Lately, the number of landings on the Italian coasts has decreased by 86% and migrants who arrived in Europe must and will struggle against more and more effective denials and repatriations. The government’s program is to reduce their number to be able to govern them more efficiently, requiring them to work in conditions, if possible, worse than those of the migrants who are already in Italy since years and without giving any guarantee that they could get a residency permit one day. This change will also have a strong impact on the Ventimiglia border, where the pressure of migrants towards France is decreasing. The importance of Ventimiglia’s experience – and the solidarity shown on that border – lies yet on the determination of migrants to oppose the systematic attempts, practiced by the police and the institutions, to isolate them and reduce them to silence. This protagonism created the conditions of a political communication between migrants about the essential resistance strategies– such as how to escape from dilations and raids, how to avoid contact with the police, how to use churches to refuge – but produced also important moments of collective voice.“This is not a demonstration”, some migrants said during a procession in June, “we are determined to cross the border. If the police block the road, we stop, but when the police will be gone, we will move on again”. Even in a situation of extreme difficulty as the Roja’s ghetto where migrants are living, there are assemblies, discussions and collective gatherings that, also thanks to the networks of solidarity, show the possibility of collective organization, able to put into question the daily violence of the government of Ventimiglia border and more generally of the borders regime. The challenge remains in fact the struggle against the regime of territorial and social borders, among which Ventimiglia is only one example, a struggle carried on by migrants that must be put forward.

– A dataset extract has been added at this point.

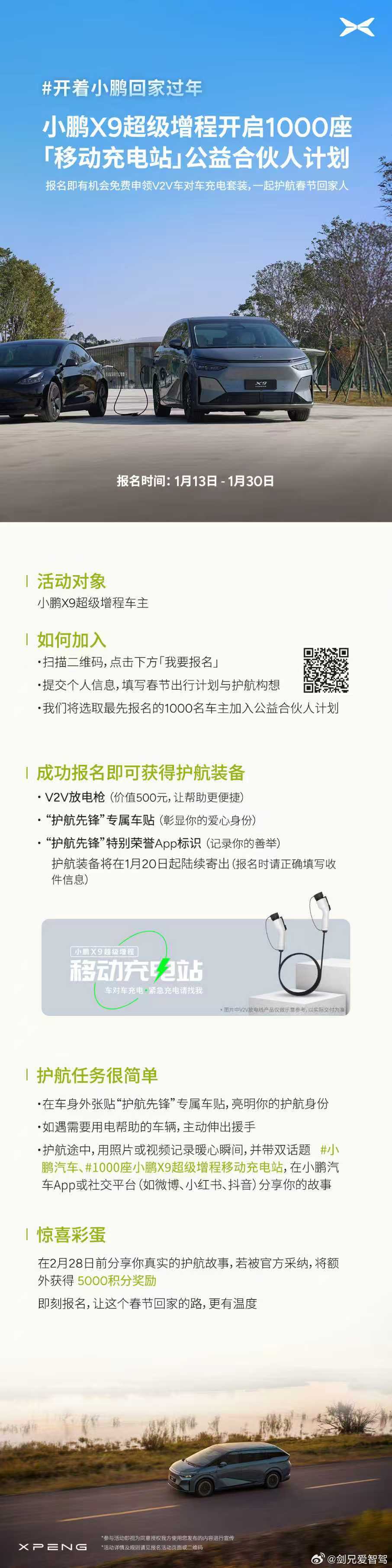 爱了爱了,小鹏新X9这个功能有点东西啊,可以随时随地给朋友分享电……这么说起来,莫非我真的应该搞一台?然后到处给人充电,会不会充着充着,做了好事,又不知不觉突然就发财了?期待ing… 请允许我再好好想想小鹏X9招募移动充电站公益合伙人开着小鹏回家过年小鹏汽车

We have to mobilize to break migrants’ isolation and to destroy the hierarchies, imposed by institutional racism in Italy and Europe in order to exploit them and to reduce them to silence. We have to establish political connections between very different conditions, starting from the claim of a European residence permit without conditions, which can give political voice to the strike against the borders daily practiced by migrants with their movements.